At one point red-faced Joe yelled at Ellen: “why don’t you just jump on your broom and fly back to your feminist convent?” She locked her jaw and hissed: “well isn’t this nice….just what we need… another arrogant, narrow-minded talking penis!” I stood up and as calmly as I could (well I do have Quaker roots) announced it was time for a coffee break and took the two “friends” for a long walk in the backyard…..

Most of us do have strong viewpoints. When our buttons get pushed, it is not always easy to come up with something other than a polarizing response.

Nevertheless, as I scan the contemporary church scene, it is obvious we are well beyond the eleventh hour in the Catholic Church.
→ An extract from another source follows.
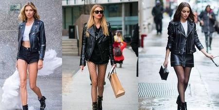 黑色皮夹克+短裤or短裙
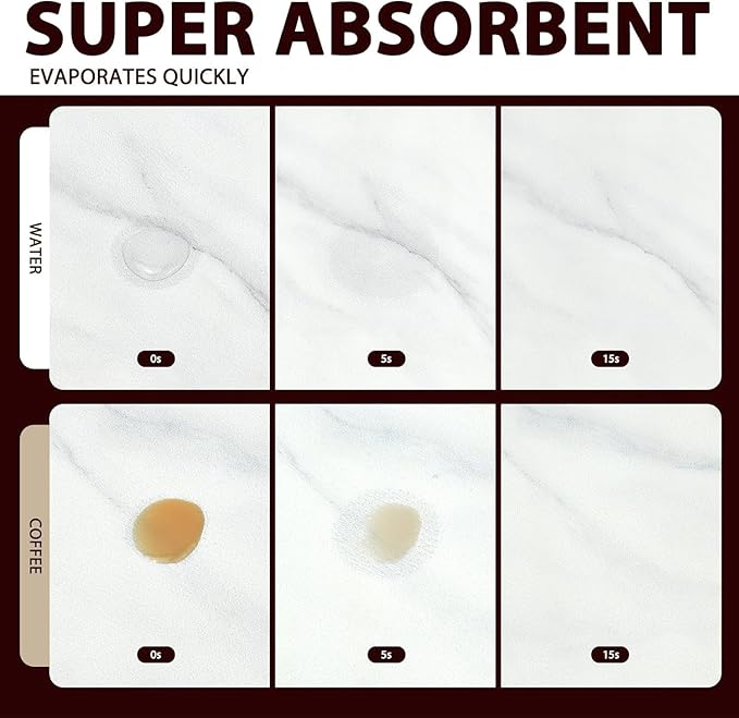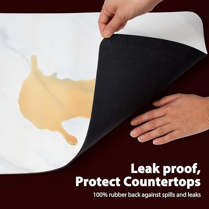 - SUPER ABSORBENT & QUICK DRY: The kitchen counter mats are made from diatomaceous earth, breathing leather surface and natural rubber base; Diatomaceous earth can hold up to 150% of its weight in moisture and evaporates quickly

Red danger lights are flashing. We have to move beyond the liberal/conservative — preVatican II/postVatican II — pro-life/pro-choice –feminist/sexist polarizations that demean and destroy all of us.

We need to develop the habit and the skills for critical and respectful dialogue.

I have been following the work of a young American theologian who, I believe, understands exactly what we need: Charles C. Camosy, assistant professor of Christian ethics at Fordham University in New York City and author of an insightful book about polarization: Peter Singer and Christian Ethics: Beyond Polarization.

Charles proposes five practices for moving beyond the polarization which currently dominates so much of contemporary church (and contemporary political) discourse:

(1) Humility. We are finite, flawed beings and are prone to making serious mistakes. We need to enter into discussions and arguments with this at the very front of our minds — not only in being comfortable with someone challenging our point of view, but also reserving the right to change our mind when our argument is shown to be problematic.

(2) Solidarity with our conversation partner. This involves active listening, presuming that one has something to learn, and (if possible) getting to know the other personally beyond an abstraction. Never reduce the other to what you suspect are “secret personal motivations.” Instead, give your partner the courtesy of carefully responding to the actual idea or argument that he or she is offering for your consideration.

(3) Avoiding binary thinking. The issues that are seriously debated in our public sphere are almost always too complex to fit into simplistic categories like liberal/conservative, religious/secular, open/close-minded, pro-life/pro-choice, etc. Furthermore, it sets up a framework in which taking one side automatically defines one against “the other side” — thus further limiting serious and open engagement.

(4) Avoiding fence-building and dismissive words and phrases. It might feel good to score these rhetorical points, but doing so is one of the major contributors to our polarized discourse. Let us simply stop using words and phrases like: radical feminist, war on women, neocon, limousine liberal, prude, heretic, tree-hugger, anti-science, anti-life, and so on. Instead, use language that engages and draws the other into a fruitful engage of ideas.

(5) Leading with what you are for. Not only is this the best way to make a convincing case for the view you currently hold, but this practice often reveals that we are actually after very similar things and simply need to be able to talk in an open and coherent way about the best plan for getting there.